Your output should be the lines from the one with "BrackenKrona pie chart" through the last line of the records below, exactly as written, minus the pictures.
DATA FOR ANALYSIS START
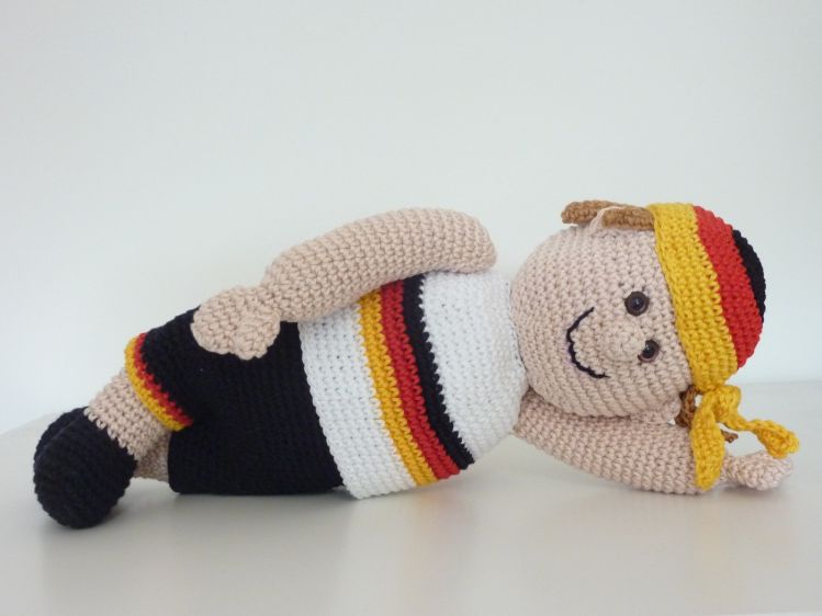 Steffen Stürmer wird, unter Verwendung des angegebenen Materials, 29 cm hoch. Ich persönlich empfehle für das Nacharbeiten all meiner Amigurumis und Kuscheltiere Baumwollgarn.
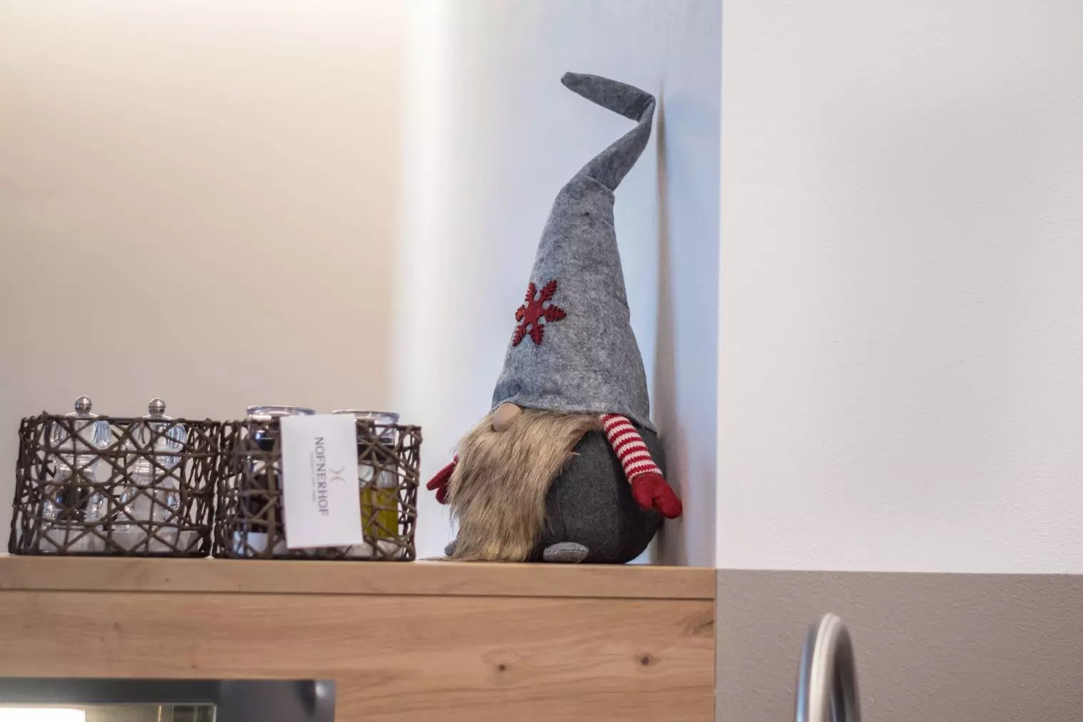 Diese geräumige Ferienwohnung zählt zwei Schlafzimmer mit Doppelbett und angrenzendem privaten Badezimmer samt Dusche, WC, Bidet und Waschbecken. Der Wohnraum verfügt über eine voll ausgestattete Küche, eine Ess-Ecke und ein ausziehbares Sofa. Von hier aus gelangt man auf eine Terrasse mit Sitzgelegenheiten und Blick auf die Sarner Scharte, das Rittner Horn, die Seiser Alm und den Schlern, den Latemar, das Weiß- und Schwarzhorn sowie die Belluneser Dolomiten.
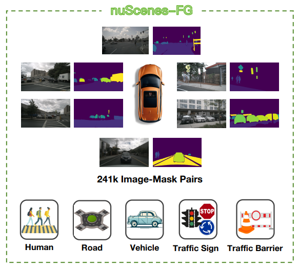 本文受到人类驾驶行为的启发,将自动驾驶场景中的前景区域定义为包含行人、道路、车辆、交通标志和交通障碍物的区域。同时采用Grounded-SAM在nuScenes场景中生成一致且细粒度的前景分割标注。由此产生的nuScenes-FG 数据集包含来自六个摄像机视角的241k个图像-掩码对,示例如图1所示。
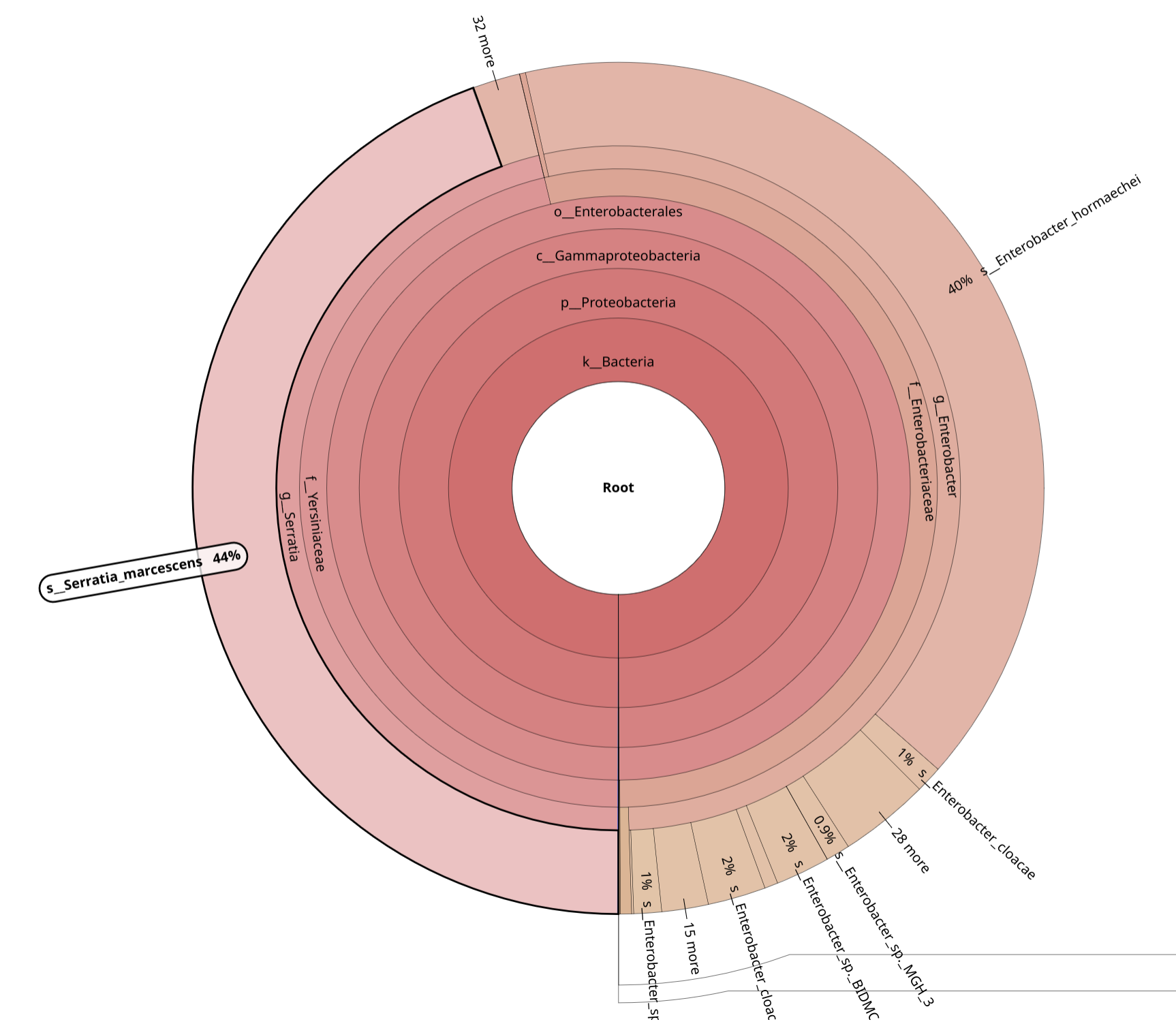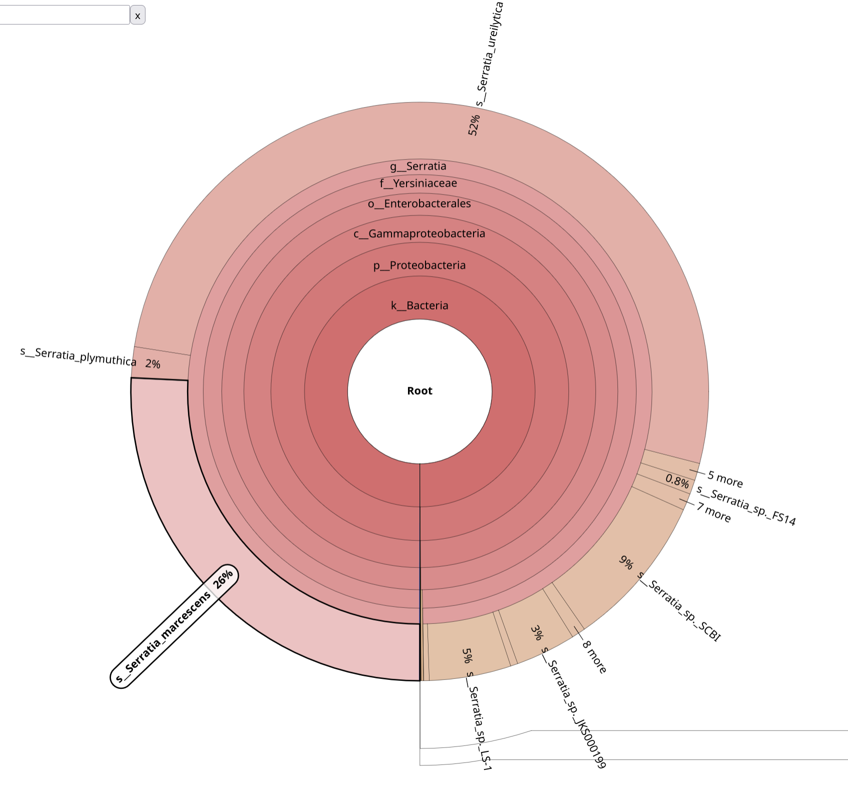 BrackenKrona pie chart Tool with the following parameters:
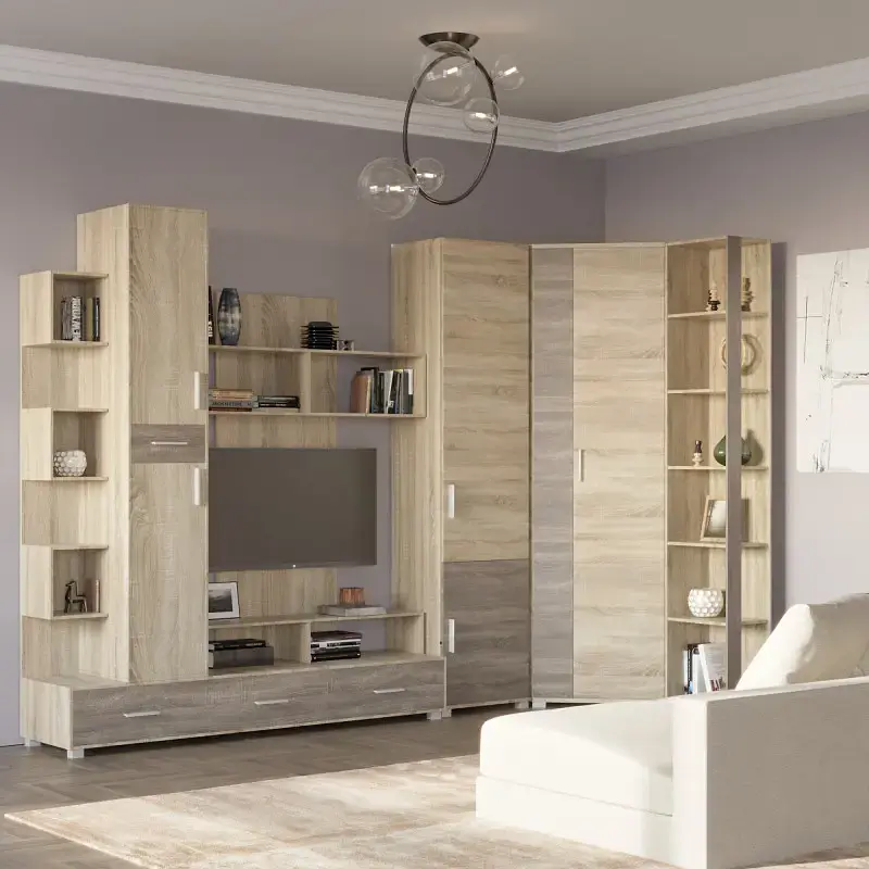 До кінця акції 156 днівСтінка для вітальні Бриз + Пенал 15 + Кутова шафа ШКУ-14 + Пенал 18 Дуб Сонома + Трюфель
DATA FOR ANALYSIS END
EXPECTED ANSWER:
 BrackenKrona pie chart Tool with the following parameters:
 До кінця акції 156 днівСтінка для вітальні Бриз + Пенал 15 + Кутова шафа ШКУ-14 + Пенал 18 Дуб Сонома + Трюфель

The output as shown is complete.